§ **Data shown**:
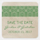 Dentelle rustique simple et élégante Enregistrer le Stickers Date avec un aspect papier texturé vintage arrière - plan et une bordure motif en dentelle douce et dainty en vert foncé. Facile à customiser, il suffit d'ajouter les détails de votre mariage. Cliquez sur "Customiser" pour trouver d'autres options de personnalisation.
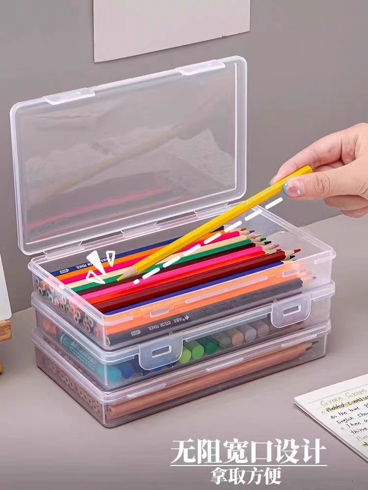 Caixa de armazenamento de material escolar, grande capacidade, caixa de lápis transparente
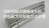华炬科技新产品研究所技术咨询委员会科研人员现推荐一项一种低熔点高硬度无铅焊料配方及制备方法步骤,该技术提供一种低熔点高硬度无铅焊料及其制备方法,解决了现有低熔点焊接硬度不高、润湿性差等问题,该技术也提供了一种低熔点高硬度无铅焊料的制备方法及步骤,现将该一种低熔点高硬度无铅焊料配方及制备方法步骤及技术方案及实施例介绍如下供研究交流参考:(841131 521563)

§ **Exercise description**:
Would you reproduce the listing above in full and exactly, without its pictures?

§ **Output for this exercise**:
 Dentelle rustique simple et élégante Enregistrer le Stickers Date avec un aspect papier texturé vintage arrière - plan et une bordure motif en dentelle douce et dainty en vert foncé. Facile à customiser, il suffit d'ajouter les détails de votre mariage. Cliquez sur "Customiser" pour trouver d'autres options de personnalisation.
 Caixa de armazenamento de material escolar, grande capacidade, caixa de lápis transparente
华炬科技新产品研究所技术咨询委员会科研人员现推荐一项一种低熔点高硬度无铅焊料配方及制备方法步骤,该技术提供一种低熔点高硬度无铅焊料及其制备方法,解决了现有低熔点焊接硬度不高、润湿性差等问题,该技术也提供了一种低熔点高硬度无铅焊料的制备方法及步骤,现将该一种低熔点高硬度无铅焊料配方及制备方法步骤及技术方案及实施例介绍如下供研究交流参考:(841131 521563)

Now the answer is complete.